For aged care providers wanting to build resilience in the face of future disasters, he suggests an important first step is understanding what you really depend on to provide for those in your care.
“Sometimes that’s staff being able to get to work, sometimes it’s having more supplies of some things than you would normally keep if you were thinking of just-in-time supplies for your facility or service,” he says.
“And it is then also looking at where those things come from, and how certain you are that they will keep coming in the event of a crisis.
“What do your suppliers look like? Do you think they can stand up? And are they only supplying you?
“So if there’s an excess demand for something like masks, will you still be able to get them?”
Arbon also says partnerships and connectedness are very important for building resilience, and providers should focus on strengthening partnerships with suppliers they depend on every day, as well as those they come to rely on in times of crisis.
“The other principal link is into the government and governance of emergency response,” he adds.

A strong link in this area means providers can have early access to information, an awareness of the evolving situation, safe exit routes in case of natural disaster, or whether invacuation might be the preferred response, as opposed to evacuation.
“All of those kinds of questions relate to conversations with government.
“In the aged care sector that’s often conversations with Federal Government and that’s a tiny bit problematic, because in Australia the responsibility for emergency management is a state and territory jurisdiction responsibility,” Arbon admits.
“There’s a bit of a siloing between the government connections you normally have and ones that you need to have.
“So for aged care service providers I’d be arguing they reach out to state and territory jurisdictions, to talk more about what the plans are and what your place in those plans are.”
Arbon delivered a webinar in August, for the Australian Association of Gerontology (AAG) on the topic of disaster recovery for older Australians.
As part of the presentation, he outlined some other practical steps for providers.
These included building a management culture that allows flexibility, is adaptable and that can respond to things that are surprising.
As well as a culture which notices small signals sooner.
“So if something is starting to go awry, how do you find out?
“Often you find out from your staff, but do they feel that they are able to tell you?,” Arbon asked.
He also suggested aged care providers encourage trusted accountability and constructive disobedience within their organisations.

“Trusted accountability is about letting people inside your organisation or your service, make decisions.

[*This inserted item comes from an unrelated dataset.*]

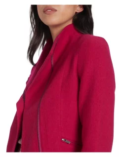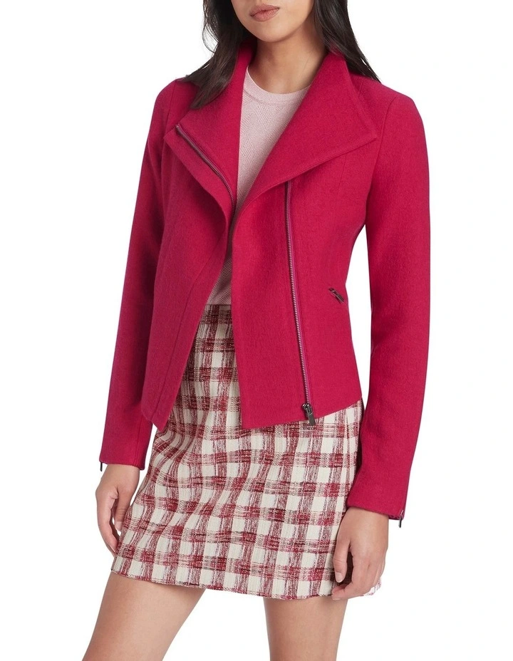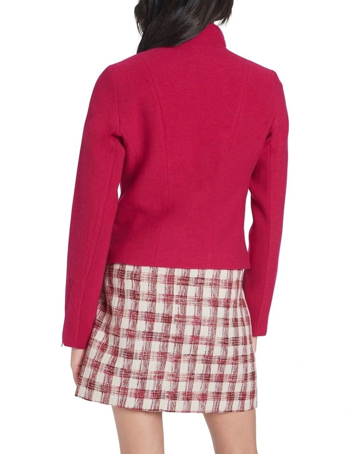 Made from pure Australian Merino wool, this punch pink felted wool jacket is warm yet lightweight, utilising a knit stitch that promotes stretch and comfort. Fastening at the front with a concealed zip closure, the jacket is further enhanced by angled zip pockets, a zip closure at the cuff, and dyed-to-match rib trim inserts under the sleeves that allow for easy movement.
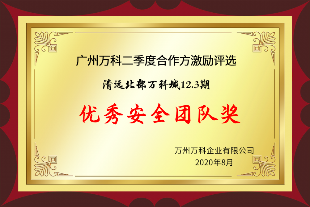 2020年荣获广州万科优秀安全团队奖(3期)

Not having too many decisions come up to the top before the decision is [dealt with],” he said.
This he says, allows for a more flexible system on the whole.
“But constructive disobedience in the disaster and crisis space is actually a step further.
“It’s about saying, if you see something going wrong and the protocol says you should ring home base and ask permission, but if you don’t turn that valve off now the plant’s going to blow up … then you want people who will turn the valve off.
“So you need a management culture that allows people, sometimes, to be disobedient in a way that saves your organisation from the harm it might have suffered.”
If there’s anything that can be taken from the Coronavirus pandemic, Arbon says, it’s a greater awareness of what lies ahead.
“I think one of the lessons we need to learn is that we should pay attention to forecasting and possible futures work that has been going on for decades and coming out of certain kinds of forums, that indeed did predict that there would be a pandemic disease of some kind in the coming years,” he says.
“Now there was some work done to prepare for that, but the focus was principally on an influenza pandemic and WHO was probably arguing that that was not where the focus should be.
“So learning a bit more about looking at the future and paying attention to it and building stronger systems. We absolutely could have done that,” he says.